More important is what happens to the Conservatives. Hitchens correctly identifies the Westminster consensus as being ‘only propped up by state funding and dodgy millionaires’.
The funding is allocated based on the number of seats a party holds, and the donations on its prospects of power. A Tory wipe-out would kill both birds with one stone.
If the rump of it is allowed to remain as a significantly large party, it is likely to limp on and even capitalise on its new ability to talk the talk from the opposition benches without having to walk at all.
A vacuum, which we know nature abhors, must be created in its place.
Current polling shows that support for Reform UK could cost the Tories many seats in favour of Labour, despite Reform not winning any themselves.
Reform platform is a damn sight better than anything else out there, but Richard Tice’s neocon Tory-lite outfit will not bring about the reform we actually need. It could, however, be the catalyst for it.
Destroying the Conservative Party once and for all would be a noble and worthwhile aim, and would open the door for major, long-needed shakeup of our politics.
This is a strong argument that Tice would be well advised to use, but predictably he will say that the Brexit Party stood aside for the Tories in 2019 and they failed on Brexit and immigration, so this time they won’t stand aside.
He will, equally predictably, be countered with the argument that he will still let Labour in without winning seats himself.
Openly declaring war on the Tories as a necessary first-step in building a viable and genuine conservative political movement is something that is hard to argue against. Such a battle cry could also attract non-Tory voters.
The only Reform UK politician I have heard express this intent openly is its Co-Deputy Leader, Ben Habib. So it is not an impossibility that they take this line.
Habib is the real deal, but would need someone with the profile of Farage to meaningfully spread this message.
If the straightjacket of the two-party system can be broken, a genuine political realignment can take place, making the ‘Red Wall’ shift pale in comparison.
You might now be wondering where Alexei Navalny comes into all of this.
We have all heard of ‘tactical voting’, but have you ever heard of ‘smart voting’?
Umnoye golosovaniye was a website set up by Navalny’s Anti-Corruption Foundation that had a single goal: letting people know who to vote for to have the best chance of ousting incumbent United Russia politicians.
Unlike British tactical voting, this was an integrated, mathematical system that had no limits or any other goals, and would advise you to vote for communist, ultranationalist and liberal candidates alike; whoever had the best chance.
Many in the ‘non-systemic opposition’ said it would be impossible to vote out the ruling regime in any case, and that engaging with it by participating in elections would only legitimise it. Yet Navalny argued convincingly that shouting from the side lines alone ultimately changes nothing.
For obvious reasons, success of smart voting was limited in the Russian system, but it is a strategy much better suited to our own system of illusory free elections, which are based on brainwashing and narrative control, as opposed to the more primitive techniques used by the Kremlin.
There, the process of voting itself has to be manipulated to maintain the status quo, with there being a limit to the amount achieved by propaganda alone.
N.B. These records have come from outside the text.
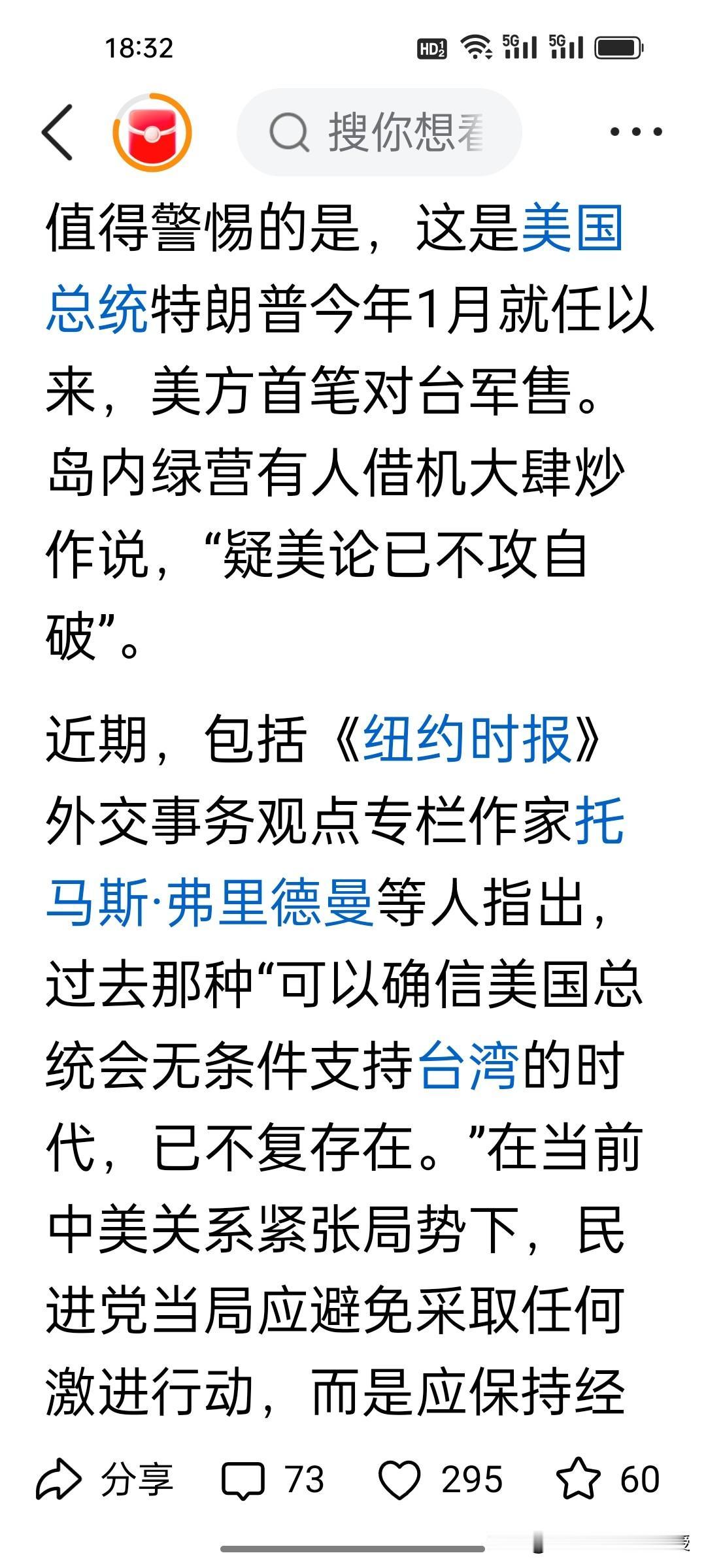 特朗普翻脸果然比翻书还快!满脑子就是做生意赚钱。根据《观察者网》消息,特朗普前脚对高市早苗涉华言论划清界限,吐槽日本一直在贸易上占美国便宜,盟友算不上朋友,跟中国关系好,后脚又开始向台湾出售3.3亿美元的战斗机零部件,这是特朗普第二个任期内的第一笔向台军售。 台湾近期已经答应在美投资3500-5000亿美元,11月底之前就要敲定协议,且大概率不包含台积电已经在美国投资的1650亿美元,台湾甘愿这样被美国“压榨”(跟要求日本在美国投资金额相同)就是为了不要给台湾半导体产业再加关税。 台湾对美国可以说是“倾家荡产式”投资,现在可能还要帮美国“清库存”,要再花3.3亿美元买美国的战斗机零部件,这真的要掏空家底啊! 特朗普一边喊着“与中国关系好”,是好朋友,一边拿对台军售当摇钱树,虚伪贪婪的嘴脸暴露无遗。台当局至今不知悔改,掏空家底媚美求存,既挡不住历史大势,还让台湾民众为其错误决策埋单,实在愚蠢又可悲!
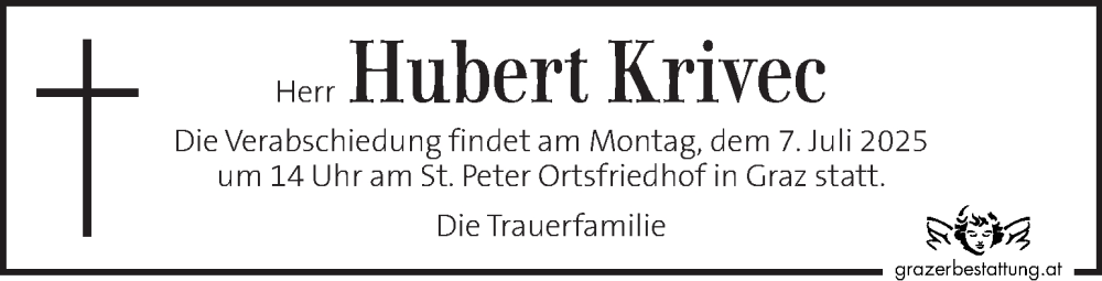 Hier finden Sie alle Traueranzeigen aus der Zeitung, die bisher für Hubert Krivec erschienen sind. Weitere Traueranzeigen, die in der Zeitung erscheinen, werden hier ebenfalls aufgelistet
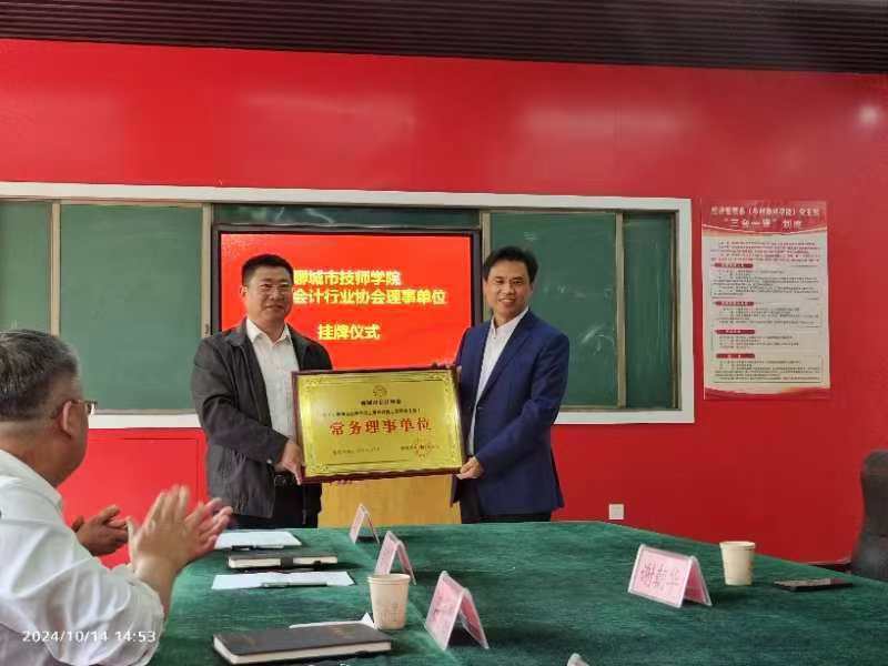 2024年10月14日下午,经济管理系与聊城市会计行业协会举行会计行业协会理事单位挂牌仪式会议室举行。聊城市会计行业协会会长谢朝华会长,经济管理系主任吕同华分别介绍了各自单位的情况,并就经济管理系与会计行业协会携手建设与发展提出了希望。
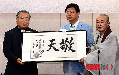 【서울=뉴시스】조성봉 기자 = 4일 오전 서울 중구 명동 천주교 서울대교구 대회의실에서 열린 안중근(토마스) 의사 유묵 '경천(敬天')' 기증식에서 염수정(왼쪽) 추기경이 안 의사의 붓 글씨 '경천'을 박삼중 스님에게 전달받고 있다. 왼쪽에서부터 염수정 추기경, 잠원동 성당 김종박 사목회장, 박삼중 스님.
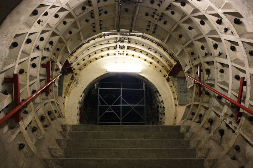 The tunnels are largely formed from leftover pieces of tunnel equipment from the Piccadilly and Northern lines and most of the tunnel reinforcements substantially pre-date WWII. The tunnel rings proudly announce where they’ve come from; this one pictured is quite clearly property of the London Passenger Transport Board (the Transport for London of the 30s and early 40s.)
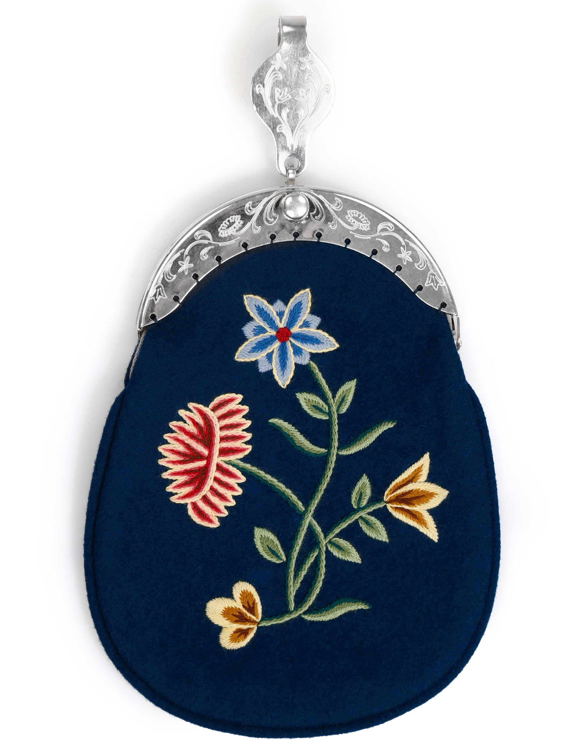 - Bunadsveske med broderier (uten veskelås). Vesken er i samme stoff som liv og stakk. (Både i kvalitet og farge)
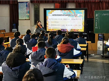 新教師們,是教壇上冉冉升起的新星,帶著對教學(xué)的赤誠與執(zhí)著,在三尺講臺不斷探索。鄧周燕老師走進(jìn)七年級 7 班的課堂,以《探問人生目標(biāo)》為題,用鮮活的案例、熱烈的互動,引導(dǎo)少年們叩問內(nèi)心、樹立理想,讓人生方向在思辨中愈發(fā)清晰。
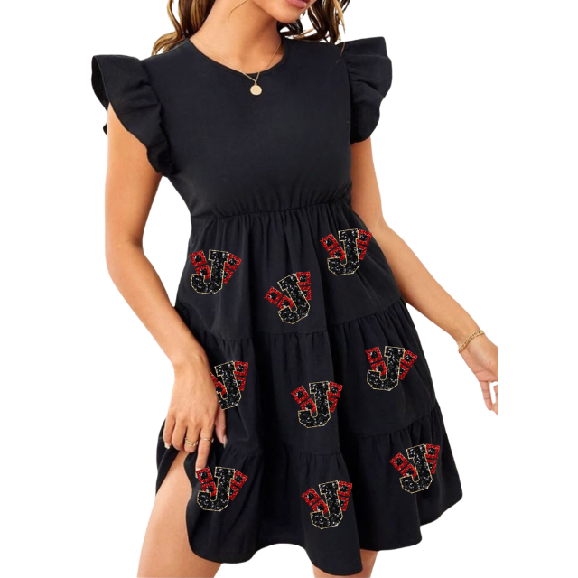 ชุดเดรสลำลองสำหรับผู้หญิงสำหรับวันแข่งขันกีฬาปี 2026 ตกแต่งด้วยเลื่อม ปักลาย แขนสั้น ดีไซน์หรูหรา ความยาวระดับเข่า เอวทรงธรรมชาติ กระโปรงทรงระบาย
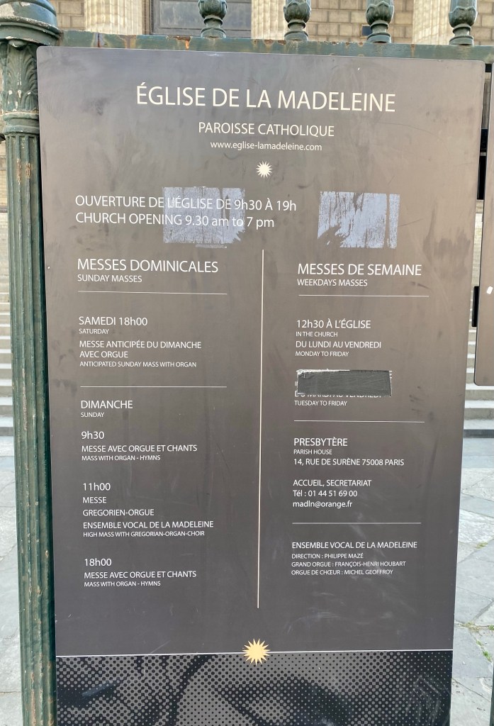 There’s a song I love called ‘Boulevard de la Madeleine’, but I didn’t know about the church. I enjoyed your pictures and description. It’s beautiful on the inside. I liked hearing the organ. What a huge sound.
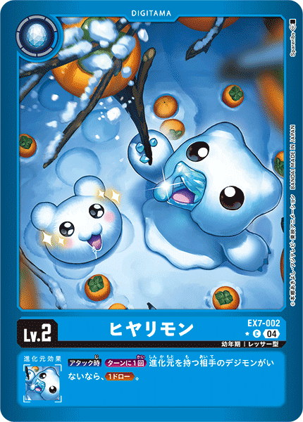 Lv.2 ヒヤリモン EX7-002 C 幼年期 | レッサー型 --- 【アタック時】[ターンに1回]進化元を持つ相手のデジモンがいないなら、≪1ドロー≫。
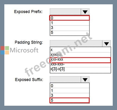 How should you configure the dynamic data mask? To answer, select the appropriate options in the answer area.
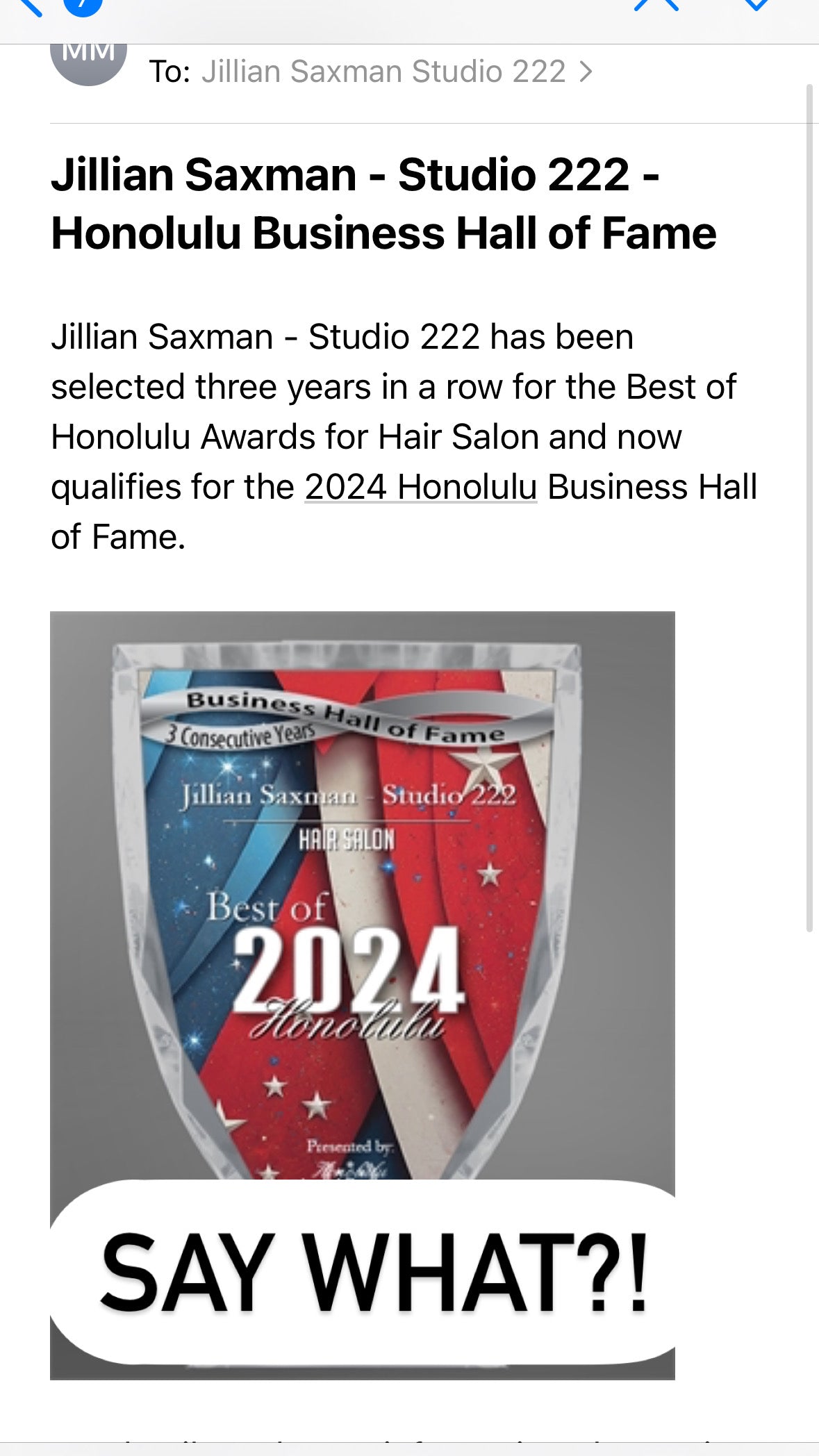 Only two years after opening, Jillian was awarded the Best of Honolulu for Hair Salons in 2022! There are over 500 salons in Honolulu and Studio 222 came out on top!
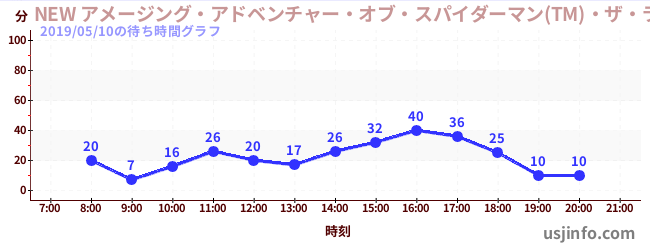 • NEW アメージング・アドベンチャー・オブ・スパイダーマン(TM)・ザ・ライド 4K3D$B$N(B2019年05月10日の待ち時間
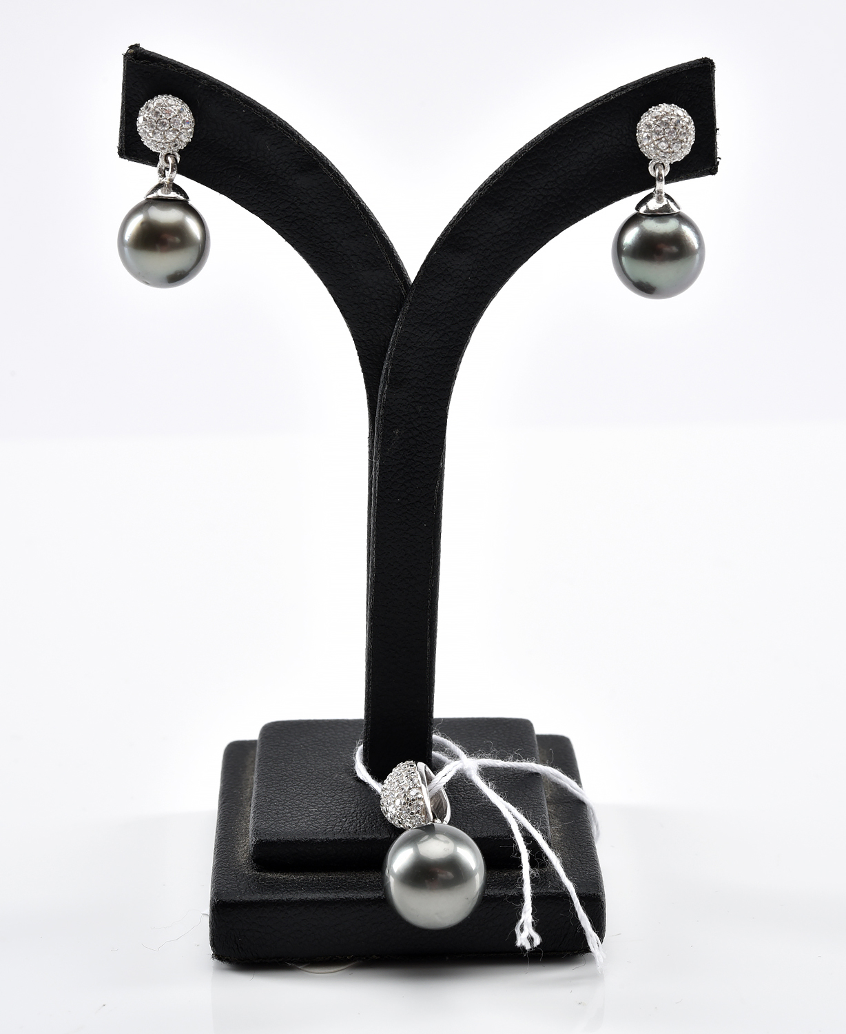 A TAHITIAN PEARL AND CUBIC ZIRCONIA JEWELLERY SUITE, COMPRISING A PAIR OF EARRINGS AND A PENDANT IN STERLING SILVER
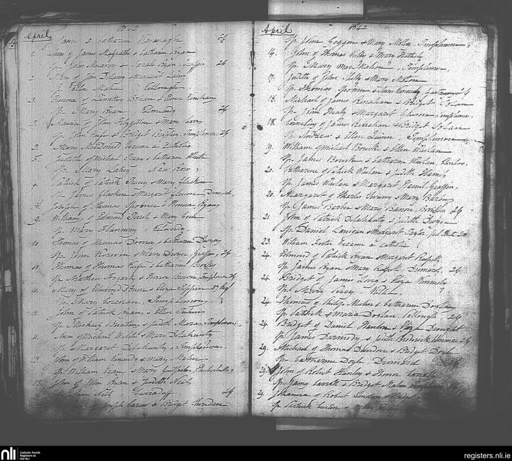 Templemore; County of Tipperary; Diocese of Cashel and Emly. Baptisms, Apr. 1842
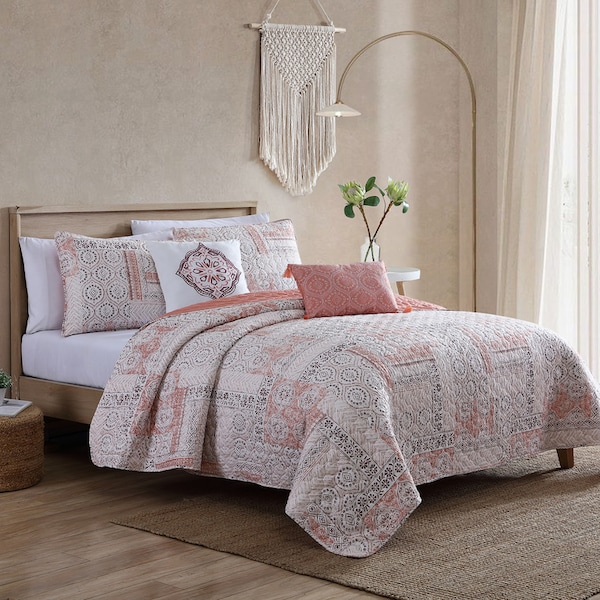 Brighten up any bedroom with this colorful quilt set. The set includes a quilt, two shams and two pillows for a totally harmonized design. Mix and match the solid and patterned pillows against the solid or patterned side of the reversible quilt to create different coordinated looks. The super-fine fibers that make up our quilt are densely packed into the fabrication of the quilt, making it extra fuzzy and soft. Extra lightweight brings you feeling of comfort and freedom. Made of 100 percent polyester, the quilt is machine washable for easy cleaning.
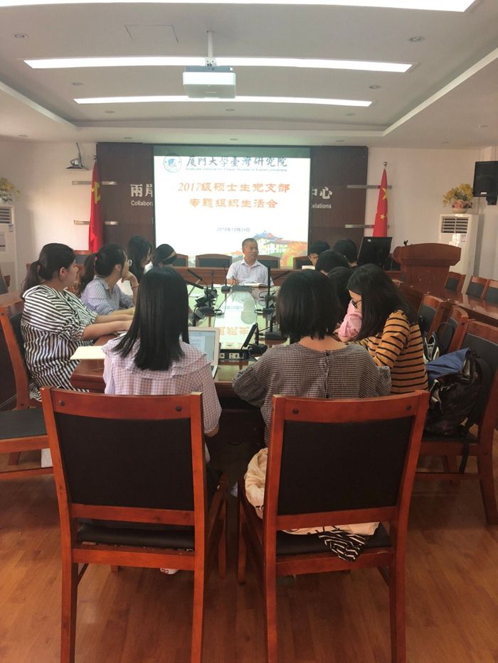 2018年10月24日,台湾研究院2017级硕士生党支部在学院507学术报告厅召开了围绕“吸取田佳良、周运中等事件教训,举一反三”为主题的专题组织生活会。本次生活会由支部书记姚雪琳同志主持,院党委副书记陈文及支部在校党员出席此次组织生活会。
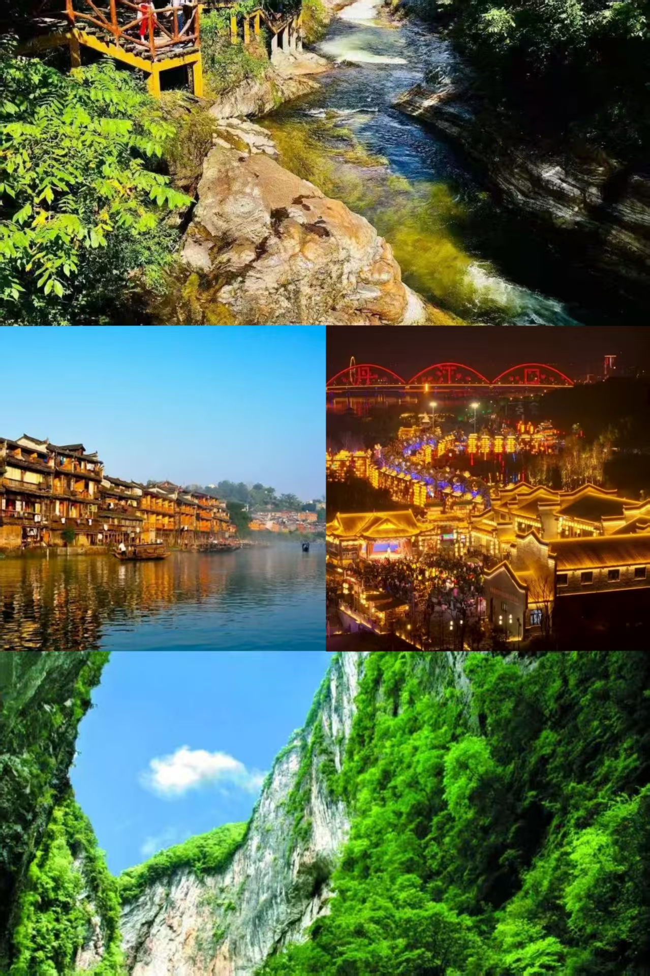 早餐后前往【武陵峡•桃花源】。陶渊明笔下《桃花源记》的原址地;桃花源里“ 土地平旷,屋舍俨然, 有良田美池桑竹之属。阡陌交通,鸡犬相闻。” 峡口十几丈长的深潭,两岸峭壁耸立,高不可测。人在下行走,抬头只见一线青天,峭壁如刀削斧砍一般,森林在上横生荫天蔽日。
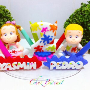 Topo de biscuit inclui a vela e pavio mágico, a placa com o nome da criança e uma boneca ou boneco representando o aniversariante.Caso queira dois bonecos , será aumentado o valor de 25 00 Reais .
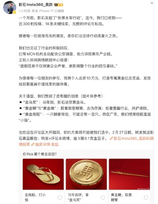 为持续净化网络环境,影石宣布升级线索征集活动:即日起,鼓励用户在公开平台发布帖子或评论曝光针对“影翎”的“黑水军”行为,凭截图私信官方。若线索属首次被影石采纳,将额外发放与该帖或该评论点赞数等额的奖金。
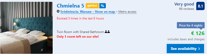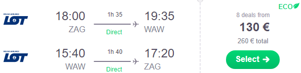 Varšava city break: povratne avio karte iz Zagreba + 4 noćenja već od 193€/osobo February 20, 2019 Aviokarte, Evropa Četiri dana u Varšavi! Povratne avio karte iz Zagreba + 4 noćenja možete kupiti već od 193€ po osobi! Destinacije: Varšava, Poljska Razdoblje putovanja: 07/06/2019 – 11/06/2019 Razdoblje kupnje: do prodaje slobodnih mjesta Avio kompanija: LOT Polish Airlines Prtljaga: uključena ručna prtljaga Primjer leta (2 osobi): Zagreb – Varšava 130€ 07/06/2019 – 11/06/2019 Primjer smještaja za termin 07/06/2019 – 11/06/2019: Hotel Chmielna 5 126€/2osobi (privat, s besplatnim .genius popustom) >>OVDJE<< možete naći još slobodnih smještajnih kapaciteta. Zajedno: 260€ + 126€ = 193€/osobo (iz Zagreba) Leave a Reply Cancel Reply Your email address will not be published.CommentName* Email* Website
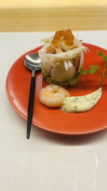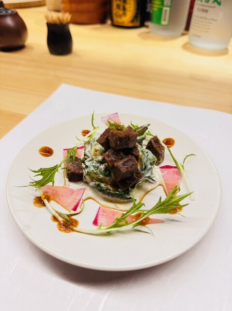 店長が厳選した旬の素材で作るおまかせコースをご提供。既存の和食の概念にとらわれず、目でも愉しめる創作日本料理をご堪能いただけます。選りすぐりの日本酒等とご一緒にどうぞ。店内は、完全予約制・カウンター6席のみの特別な空間。オープンキッチンの臨場感と、華やかで和モダンな雰囲気が、特別な一夜を演出します。接待やお祝いごと等の大切な日に、是非ご利用くださいませ。

Here in the UK, propaganda is the overriding method of keeping out the non-systemic opposition.
What this means is that our actual electoral system is, compared to the American one at least, largely free from rigging and ballot manipulation.
This provides opportunity to collapse, or at least fracture, what is an all-encompassing regime by using its own structures against it.
The Conservative Party is the weak link in the chain – and it can be broken.
The success of a British smart voting system would depend on how convincingly the argument is made.
If it is made well enough, we could indeed throw the liberal elite into the sea five years from now.